Single by George Jones and Tammy Wynette

from the album Golden Ring
- B-side: "We're Putting It Back Together"
- Released: May 1976 (U.S.)
- Recorded: 1976
- Genre: Country
- Length: 3:02
- Label: Epic 50235
- Songwriters: Bobby Braddock, Rafe Van Hoy
- Producer: Billy Sherrill

George Jones and Tammy Wynette singles chronology
| "God's Gonna Get'cha (For That)" (1975) | "Golden Ring" (1976) | "Near You" (1976) |

= Golden Ring (song) =

"Golden Ring" is a song written by Bobby Braddock and Rafe Van Hoy, and recorded by American country music singers George Jones and Tammy Wynette. It was released in May 1976 as the first single and title track to their duet album of the same name. It was a number-one hit on the Billboard country chart.

==Recording and composition==
The song was conceived by songwriter Bobby Braddock, who had seen a television film called The Gun about the life of a handgun. The story showed the gun changing hands several times, with a hunter, police officer, a criminal, and a father of a 2-year-old child all owning the gun at one point, with the consequences played out in each segment. Braddock applied the same concept to a song about the life of a wedding ring.

In the song, a young couple from Chicago - apparently very much in love - goes to a pawn shop to shop for a ring for their upcoming wedding. The man (both characters are unnamed in the song) laments that he is unable to pick out a more expensive band, but he is willing to buy it to show how much he loves his bride-to-be, whom - in the song's second verse - he marries in a small wedding chapel later on that afternoon. In the third verse, the couple has been fighting and, with the marriage clearly in trouble, the man accuses his wife of planning to leave town. Shortly afterward, the woman retorts by telling her husband that she does not love him anymore, throws the ring down and leaves. The final verse features the ring, once again in a pawn shop, waiting for its next owners.

The refrains tell about the meaning of the ring through its life cycle with the couple.
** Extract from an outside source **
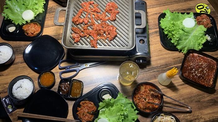 Memang nih, ketika pengen menikmati menu ini, ada dua set kompor lengkap dengan alat pemanggang dan wadah sup disediakan.
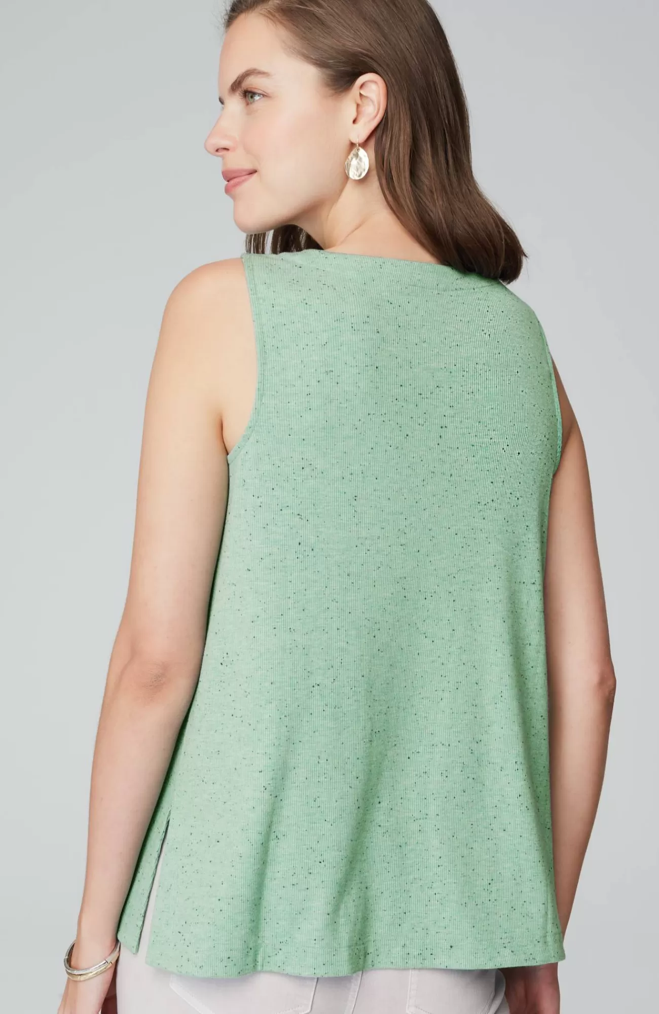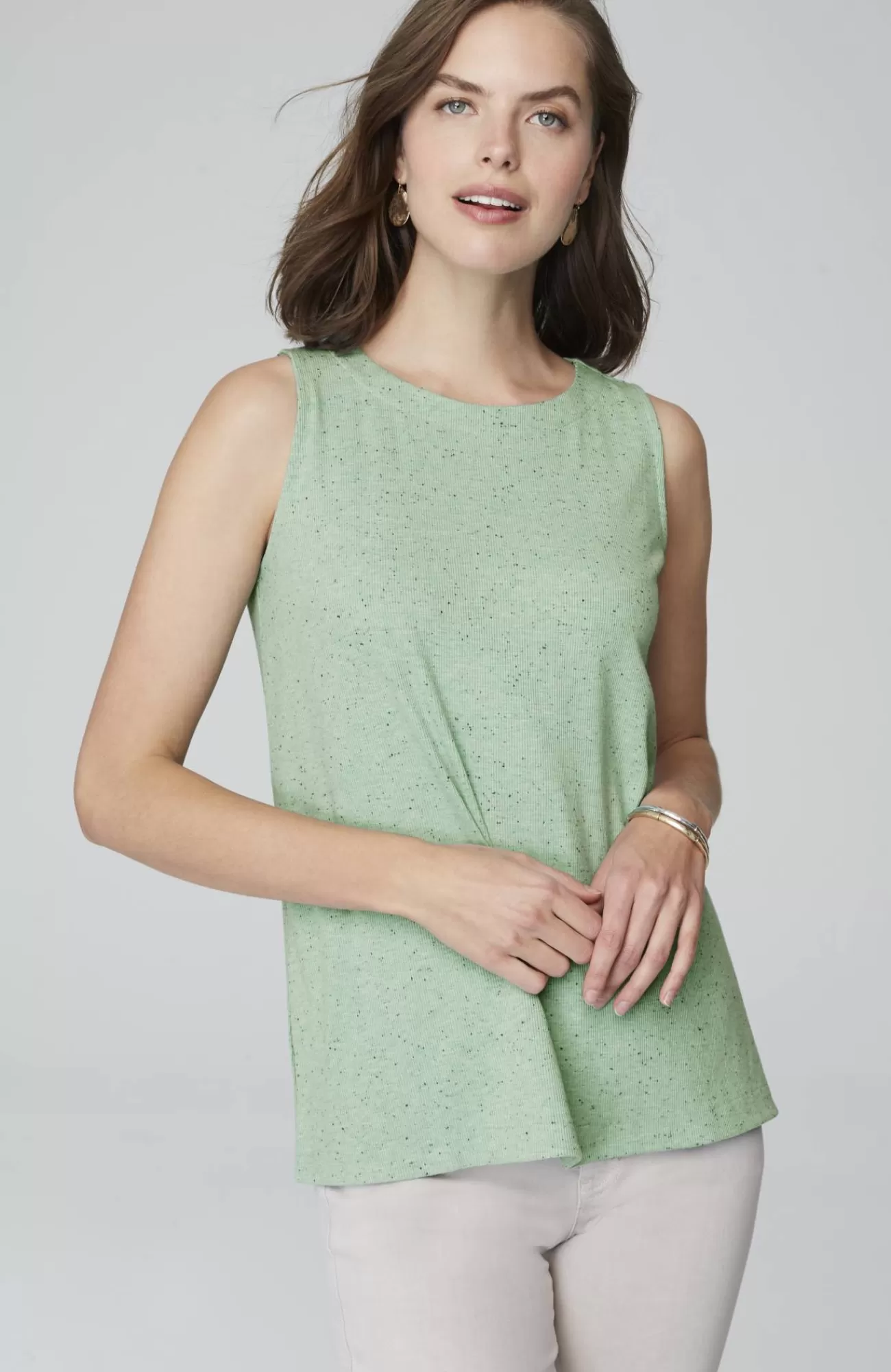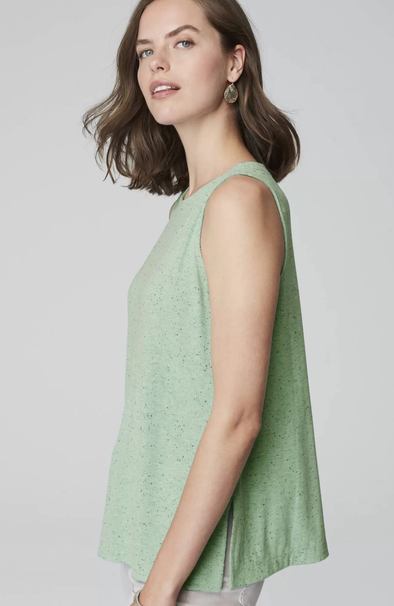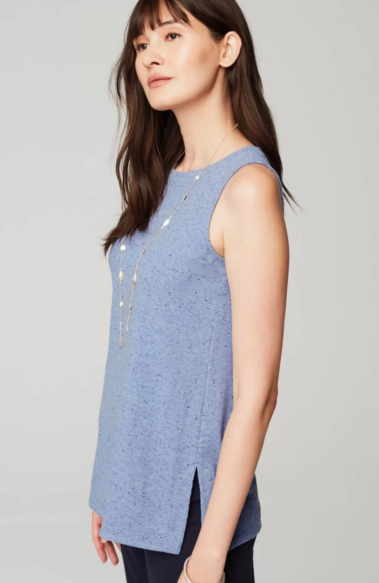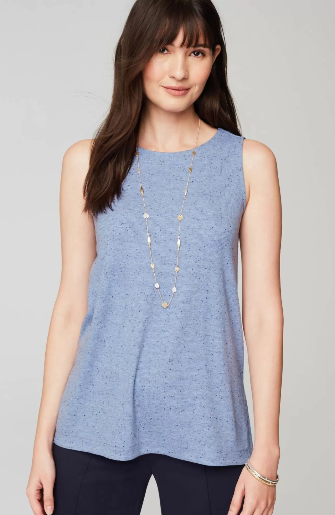 Our soft knit tank is a versatile wardrobe essential. Layer it under your favorite cardis, jackets and shirts. Crew neckline. Side vents. The seamed option has a striped panel for extra panache. Effortlessly packable knit style. Made from soft European yarns.

The first refrain speaks of the promise of love shown in the glittering ring; the second verse talks about how "at last, it's found a home", and the finale tells of how the ring has been cast aside "like the love that's dead and gone". Each refrain ends with how a wedding band is meaningless without love ("By itself, it's just a cold metallic thing / Only love can make a golden wedding ring").
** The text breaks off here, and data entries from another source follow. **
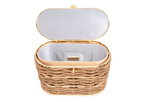 Judith Leiber is an iconic American accessories brand known for its meticulous attention to detail and flawless hand craftsmanship. Counting First Ladies, including Jackie Kennedy, and A-listers from Beyoncé to Jennifer Lawrence among its many acolytes, the label impresses with its signature take on luxury. The oval shaped Willow Basket in Champagne Topaz handbag, crafted to resemble a basket with silver woven crystal intricately laced through gold hardware. The crystal embellished top, flaps down with a latch closure and features a silk tassel with a JL medallion. Finished with a leather top handle, it is a must have.
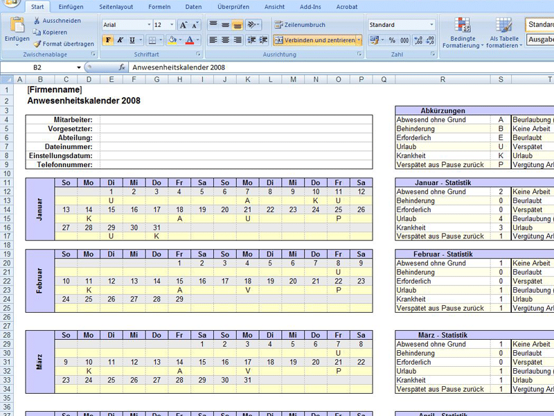 Kostenlose Excel-Vorlage zur Erfassung von Krankheitstagen. Einfach zu bedienen, zur schnellen Ermittlung von Krankenstandszahlen ideal für Unternehmen und Personalabteilungen.
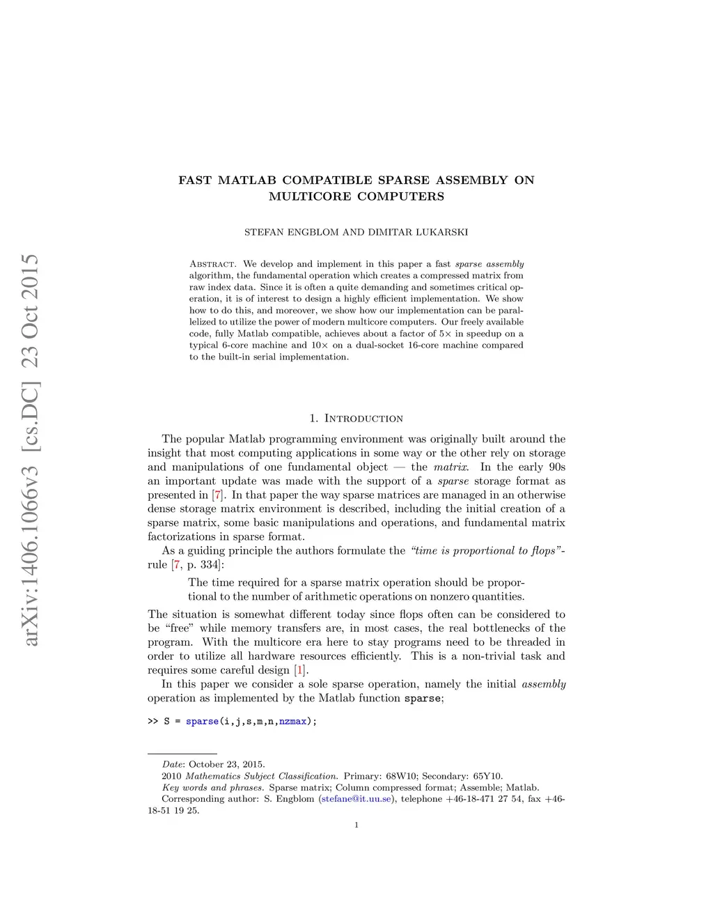 Fast Matlab compatible sparse assembly on multicore computers

According to Rich Kienzle's essay for the 1994 Sony compilation The Essential George Jones: The Spirit of Country, the recording features Pete Wade and Jerry Kennedy on acoustic guitars and drummer Jerry Carrigan playing a snare drum with his hands, as instructed by producer Billy Sherrill. Released in May 1976 – 14 months after their real-life divorce – "Golden Ring" was the second George Jones-Tammy Wynette duet to reach No. 1 on the Billboard Hot Country Singles chart that August. With its tale of a young couple's engagement, marriage, and bitter break-up, the song is arguably the one that is most closely identified with Jones and Wynette, whose tumultuous six-year marriage had ended in bitter recrimination. Country audiences, however, remained more fascinated with the couple than ever, with Eugene Chadbourne of AllMusic observing, "The chemistry that develops between partners in a male and female country music duo can sometimes be based on fantasy, as was obviously the case with Loretta Lynn and Ernest Tubb, who no country listener even imagined for a moment were romantically involved. Tammy Wynette and George Jones, on the other hand, did have a relationship."
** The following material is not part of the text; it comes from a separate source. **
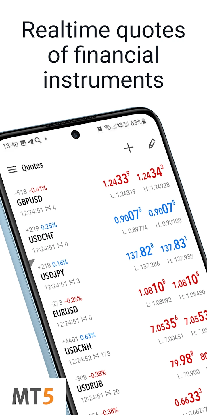 The MetaTrader 5 — Forex, Stocks application is a sophisticated trading platform designed for financial markets, primarily focusing on Forex and Stocks trading. As a powerful tool developed by MetaQuotes Software Corp., it offers advanced charting capabilities, automated trading features (like Expert Advisors), and a wide range of technical indicators for analyzing market trends and executing trades effectively across multiple asset classes. It targets retail and institutional traders seeking a comprehensive environment for technical analysis, order management, and automated trading strategies.
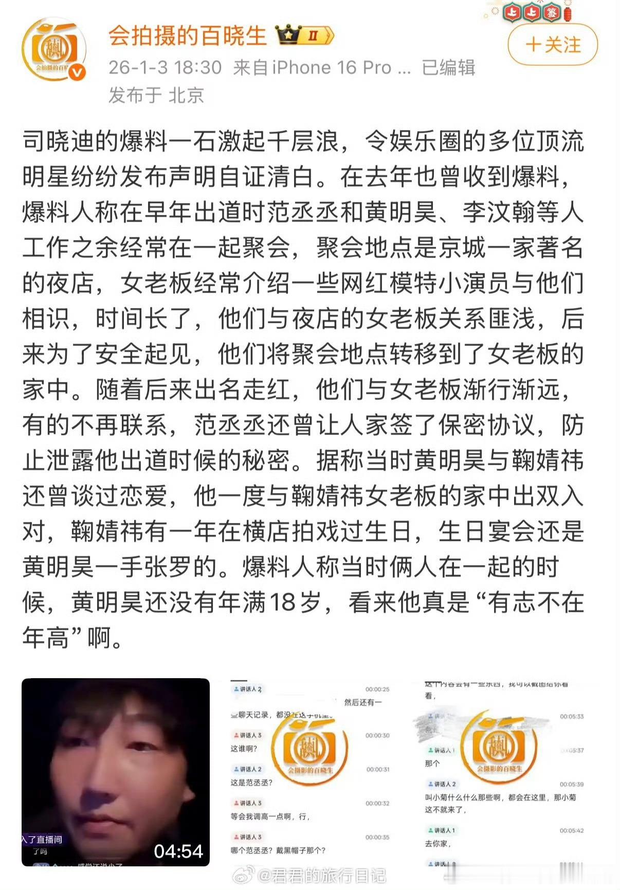 又有瓜,提到了范丞丞黄明昊李汶翰鞠婧祎,什么锤都没有就爆了

Like many of the duets that the two recorded when they were still husband and wife, "Golden Ring" resonated with an authentic sense of romantic tragedy and irresolution that was hauntingly similar to the real-life timbre of their troubled, on-again-off-again love affair. Jones, who at the time made no secret of the fact that he still carried a torch for his ex-wife, later addressed the issue of re-teaming with Wynette in his 1996 memoir by insisting, "That wasn't my idea. In fact, I hated to work with her. It brought back too many unpleasant memories, and when some fans saw us together, they got it in their heads that we were going to get back together romantically." It was precisely this romantic titillation that sparked their record sales, however, and they would record again at various times throughout the rest of the decade.

Jones and Wynette re-recorded the song on Jones's 1994 album The Bradley Barn Sessions, an album which comprised re-recordings of Jones's material in duet form. A cover version was recorded by Jason Sellers as a duet with Pam Tillis on Sellers' 1998 album A Matter of Time. It has also been recorded by the Dry Branch Fire Squad bluegrass band. Ashton Shepherd and Daryle Singletary also covered it for Ashton's third album "This Is America" (2013).

==Critical reception==
In 2024, Rolling Stone ranked the song at #63 on its 200 Greatest Country Songs of All Time ranking.

==Charts==

| Chart (1976) | Peak position |
|---|---|
| US Hot Country Songs (Billboard) | 1 |
| Canadian RPM Country Tracks | 5 |

==Cover versions==
"Golden Ring" was covered by Jason Sellers and Pam Tillis. The song was included on Sellers' 1999 LP A Matter of Time.